Mi primera vez en la regla fue inolvidable, fue un día lleno de risas, temor, vergüenza y mucho más. Yo lo experimenté a los 13 años, en esa época a parte que me encontraba estudiando, también estaba en otro curso los días domingos, llamado catecismo. Un domingo tuvimos una excursión donde íbamos a realizar un taller al aire libre y compartir momentos con nuestros compañeros.

Ese día en la mañana me comencé a sentir extraña pero no sabía porqué, sin embargo, no le tome mucha importancia. Lista para ir a la excursión fui hacia allí, yo me llevaba súper bien con dos de mis compañeras y siempre pasaba con ellas, en mi curso había un niño que era súper lindo y me llamaba mucho la atención; yo les había comentado esto a mis compañeras y me molestaban con eso, en son de broma.
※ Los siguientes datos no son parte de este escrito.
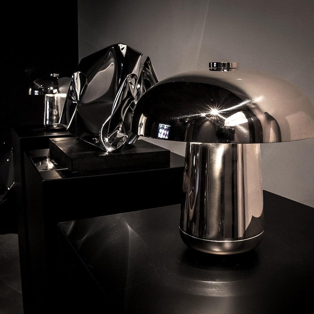 an elegant and delicate mushroom table lamp - Ogno lamp. The Ogno table lamp looks like a mushroom wrapped in a coat. High quality metallic materials result in a shiny finish, The Ogno table lamp can add a soft glow to any desk or interior environment with a unique and distinctive style. It is ideal for the living room, study, bedroom, etc.

En ese día todo iba bien, hasta que a mis compañeras se les ocurrió llamar al niño lindo, yo toda nerviosa disimulaba, comenzamos hablar y el niño era chévere muy sociable y amable. Realizamos el taller y comenzamos a comer, hicimos un grupito entre mis amigas y los suyos, todo era momento de risas y momentos bonitos; cuando de repente me comencé a sentir mal me comenzó a doler el vientre, pero lo confundí con un dolor de estómago, en mi mente solo pensé que me había hecho daño la comida.

Seguimos conversando y riéndonos y nos pusieron a hacer una actividad en grupo y nos comenzamos a levantar, de repente, el niño lindo me empuja suavemente y me hace sentar nuevamente y me dice - no te levantes estas manchada, se van a burlar de ti.

Yo toda confundida, no entendía nada y eso que mi mami ya me había explicado que en algún momento iba a tener mi menstruación y que era normal, también que debía hacer muchas cosas, pero en ese momento no se me vino a la mente nada de ese tema; pese a que estaba confundida pensé que me había sentado en algo que me manchó o algo por el estilo, ya éramos casi los últimos y el niño me da su saco y me dice - amárratelo a la cintura.

Yo toda avergonzada, le digo gracias y lo hago, y me dice ve donde la catequista y explícale que pasa para que te ayude, yo le digo que no creía que sea de importancia decirle que me manche con algo, y me dice: no lo que pasa es que estas manchada con algo que parece sangre, tal vez es tu período.

En ese momento mi cara cambió, me puse toda nerviosa, avergonzada y roja, fui donde la catequista y me ayudó, fui a cambiarme pero seguía manchado mi pantalón, ya calmada volví donde mis compañeros, y el niño bonito se acerca y me pregunta - ¿todo ya solucionado? Y le digo que sí y le agradecí por todo.

Él me dijo que era algo normal, que su mamá le hablaba del tema y le explicaba cómo ayudar a una niña en esa situación. Es ahí donde uno piensa que existen muchas personas de mentalidad abierta y que comparten eso con sus hijos, enseñándoles que es algo normal.